[Record extracts — start]
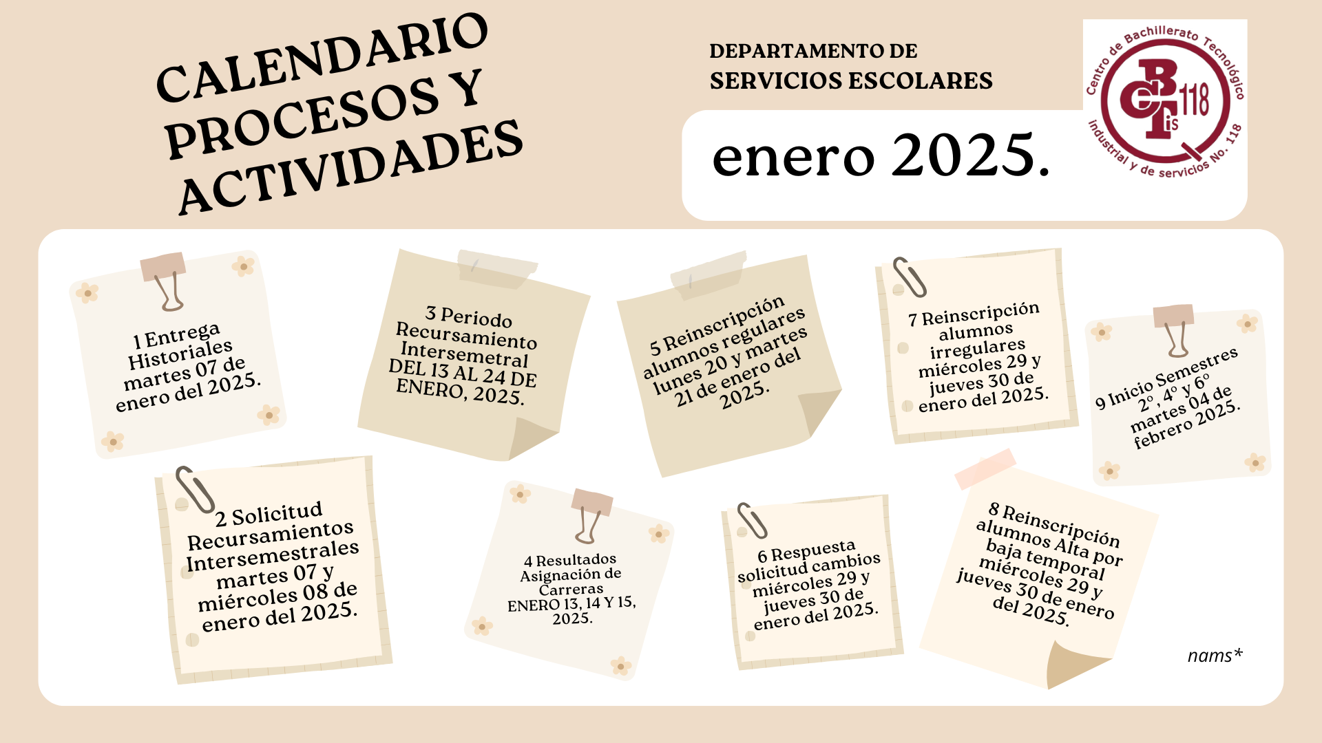 Esperar calendario en la página oficial CBTis 118. www.cbtis118.edu.mx
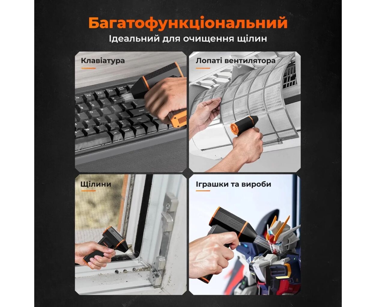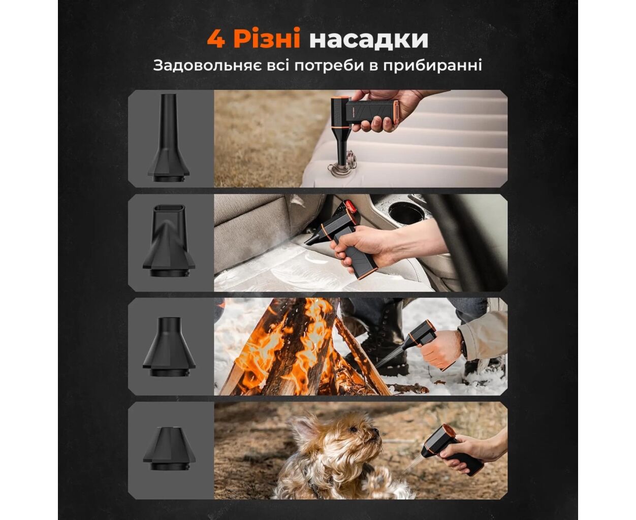 ручной, беслопастный, питание от аккумулятора, насадка для надувания кровати, плоская насадка, длинная насадка, круглая насадка, емкость аккумулятора 5000 mAh, Управление - механическое, 3, пластик, 1600 х 40 х 60 мм, 0.204 кг, черный
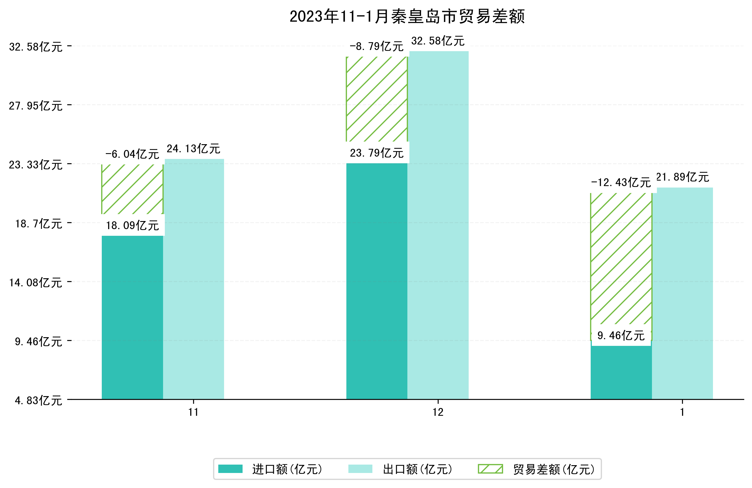 (图四:2023年11-1月秦皇岛市贸易差额)
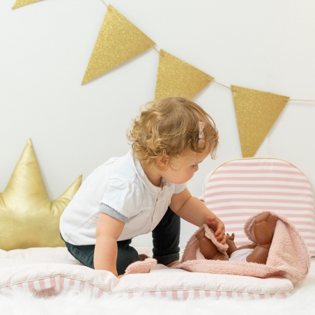 Its wrap shape and hood allow to completely cover your baby to protect him from cold and drafts.
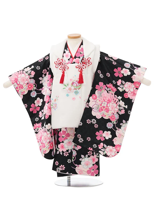 七五三レンタル(3歳女児被布)S177 白 刺繍 桜 まり×黒地 まり 花
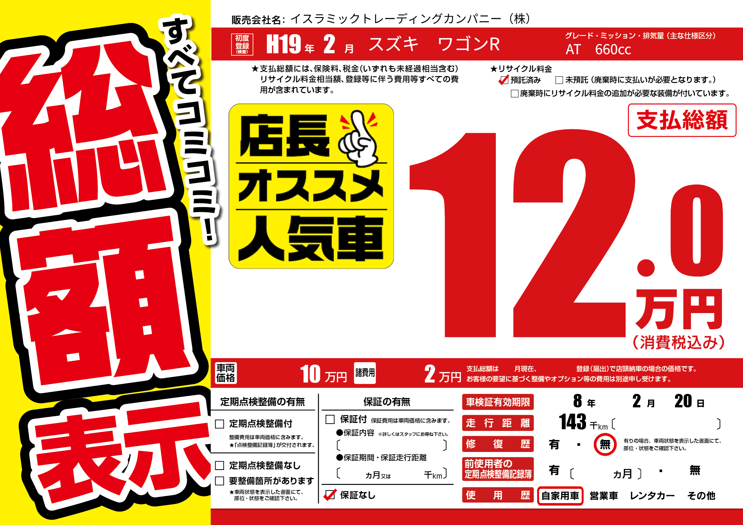| 車名 | スズキ ワゴンR | グレード ミッション 排気量 |
[Record extracts — finish]
◆ **Assignment**
Exactly retype each record above, dropping images.

◆ **Task output**
 Esperar calendario en la página oficial CBTis 118. www.cbtis118.edu.mx
 ручной, беслопастный, питание от аккумулятора, насадка для надувания кровати, плоская насадка, длинная насадка, круглая насадка, емкость аккумулятора 5000 mAh, Управление - механическое, 3, пластик, 1600 х 40 х 60 мм, 0.204 кг, черный
 (图四:2023年11-1月秦皇岛市贸易差额)
 Its wrap shape and hood allow to completely cover your baby to protect him from cold and drafts.
 七五三レンタル(3歳女児被布)S177 白 刺繍 桜 まり×黒地 まり 花
| 車名 | スズキ ワゴンR | グレード ミッション 排気量 |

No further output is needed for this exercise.